Behav. Sci. 2026, 16(5), 828; https://doi.org/10.3390/bs16050828 (registering DOI)
Submission received: 1 April 2026 / Revised: 11 May 2026 / Accepted: 16 May 2026 / Published: 21 May 2026
(This article belongs to the Special Issue Academic Anxieties and Coping Strategies)

Abstract

Schools with very high academic achievement levels are often beset with high levels of pressure and anxiety around academics and testing in particular. In recent years, research has investigated the mechanisms that make attending high-achieving schools a risk factor for anxiety and related problems. The resulting understanding can inform appropriate strategies for addressing test anxiety. In the present paper, we review relevant research on the features of high-achieving schools that promote anxiety, and present well-established empirical facts about the nature of test anxiety, including its relationships with avoidance behaviors and with test performance. We then discuss how test anxiety manifests at high-achieving schools and present a model of how to apply evidence-based intervention strategies to address test anxiety in high-achieving settings.

1. Introduction

Students’ anxiety surrounding tests and other forms of evaluation at school has long been a topic for scholarly discussion. The first empirical examination of test anxiety was published over a century ago (Folin et al., 1914), where researchers found that after taking an important test, the level of sugar in some medical students’ urine rose. (This is now known to be a consequence of stress-related adrenaline release.) It is interesting that this early study examined test anxiety in a sample of high-achievers (i.e., students at Harvard Medical School). Although low academic achievement is a risk factor for some kinds of emotional concerns (e.g., Agnafors et al., 2021), test anxiety is often present in high-achieving settings, where the pressures are greater, and where students often feel that even objectively good performance is not quite good enough.
In the present paper, we offer a perspective on test anxiety in high-achieving K-12 schools (defined in greater detail in Section 2). We write as researchers but also as practitioners who work in these schools. We believe that students at high-achieving schools could benefit from research-based intervention approaches, and ones that are tailored to the unique pressures of their setting. Here, we review the research on those pressures, discuss the consensus on the “science of test anxiety,” and present a research-based approach to addressing test anxiety in high-achieving settings.

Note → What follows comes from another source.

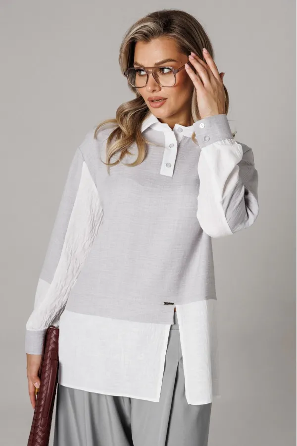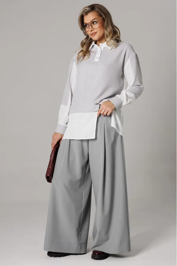 Комплект из костюмной ткани создан для тех, кто ценит комфорт и элегантность в каждой детали. В комплект входит блузка и штаны палаццо. Оверсайз крой придаёт костюму особый шарм и дает свободу движений. Высокая посадка и резинка по поясу подчёркивает талию и делает силуэт более изящным. Благодаря свободному крою костюм подойдёт для разных типов фигуры. Он подчеркнёт вашу индивидупльность. Блузка прямого силуэта, застежка на планку и пуговицы. Воротник на отрезной стойке. По полочке идет ассиметричный подрез со вставками из 2-х видов однотона и разрезом. Плечо спущенное, рукав длинный со вставками, на манжете. По спинке идет кокетка и встречная складка. Брюки полаццо , прямые с односторонней складкой и запахом по центру. По низу брюк широкая подгибка. Пояс на резинке . В качестве декора- брендированная металлическая нашивка по подрезу полочки. Длина по спинке (50-54) - 74 см, (56-60) - 76 см. Длина рукава (с манжетой): (50-54) - 57 см, (56-60)-59см. Длина брюк: (50-54) - 97 см, (56-60) - 98см

Although there is much relevant research literature, it is scattered across different subfields of psychology and education, and we were unable to find any papers specifically integrating relevant literature on this issue. We conducted a narrative review of the literature on several related points: the psychological stressors present in high-achieving schools; the nature of test anxiety; the presentation of test anxiety in high-achieving schools; and management strategies for test anxiety.
We write at a time when the well-being of youth is under close examination. Mental health problems among children and adolescents have reached “crisis” levels in the United States (Office of the Surgeon General, 2021). National data indicate that there has been a substantial increase in poor mental health among children and adolescents since 2013, with 40% of high school students in the U.S. in 2023 reporting persistent feelings of sadness or hopelessness (Centers for Disease Control and Prevention [CDC], 2024, p. 55). Anxiety disorders remain among the most common mental health conditions globally as well, with notable increases following the COVID-19 pandemic (Bie et al., 2024). National data further indicate that clinically diagnosed anxiety in U.S. adolescents increased by approximately 61% between 2016 and 2023, with overall mental and behavioral health conditions rising by 35% over the same period (Sappenfield et al., 2024). The present paper focuses on the U.S. context, while in some other countries, much of the literature focuses on pressure to attend instruction and tutoring outside of the principal school where the student is enrolled (e.g., Joung & Morgan, 2025). Therefore, we are cautious in generalizing beyond the U.S. context.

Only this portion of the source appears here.